# Groups

One of the most powerful uses of Magma is with group theory. We will only be able to touch the surface of what Magma can do, but this should give you enough to see the power. Let’s start simply. We’ll define the symmetric group on 4 elements and pull out an element to examine.

```> S4 := SymmetricGroup(4); > S4; Symmetric group S4 acting on a set of cardinality 4 Order = 24 = 2^3 * 3 > p := S4!(1,2,3); > Order(p); 3```

It’s easy to create subgroups generated by elements.
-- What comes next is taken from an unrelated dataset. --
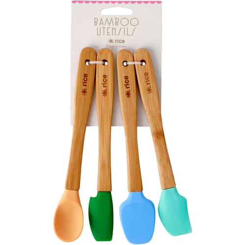 Rice Silikon Skraper - Bambus Håndtak - 4 'Let's Summer' Colors - Liten - Sett med 4
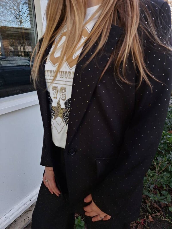 Wat eyecatcher! Dit pak heeft een mooie pantalon en een langere blazer, en zit vol met strass steentjes!

```> S := sub<S4 | p>; > S; Permutation group S acting on a set of cardinality 4 Order = 3 (1, 2, 3)```

We can also create permutation groups by giving a list of generators. Let’s look at the Klein 4 group and show that it is not cyclic.

```Klein4 := PermutationGroup<4 | (1,2)(3,4), (1,3)(2,4) >; > #Klein4; 4 > IsAbelian(Klein4); true > IsCyclic(Klein4); false > C4 := CyclicGroup(4); > Klein4,C4; Permutation group Klein4 acting on a set of cardinality 4 Order = 4 = 2^2 (1, 2)(3, 4) (1, 3)(2, 4) Permutation group C4 acting on a set of cardinality 4 Order = 4 = 2^2 (1, 2, 3, 4) > IsIsomorphic(Klein4,C4); false```

Exercise: Since Magma was written by mathematicians for mathematicians, it’s often easy to guess the commands for certain things. Try to do the following without looking up the commands:

1. Use Magma to show that the symmetric group acting on a set of cardinality 3 is the same as the dihedral group acting on a set of cardinality 3.
2. Construct a permutation group acting on 4 elements generated by the cycle elements (1,2)(3,4) and (1,2,3). Check if this group is the same as the alternating group A4.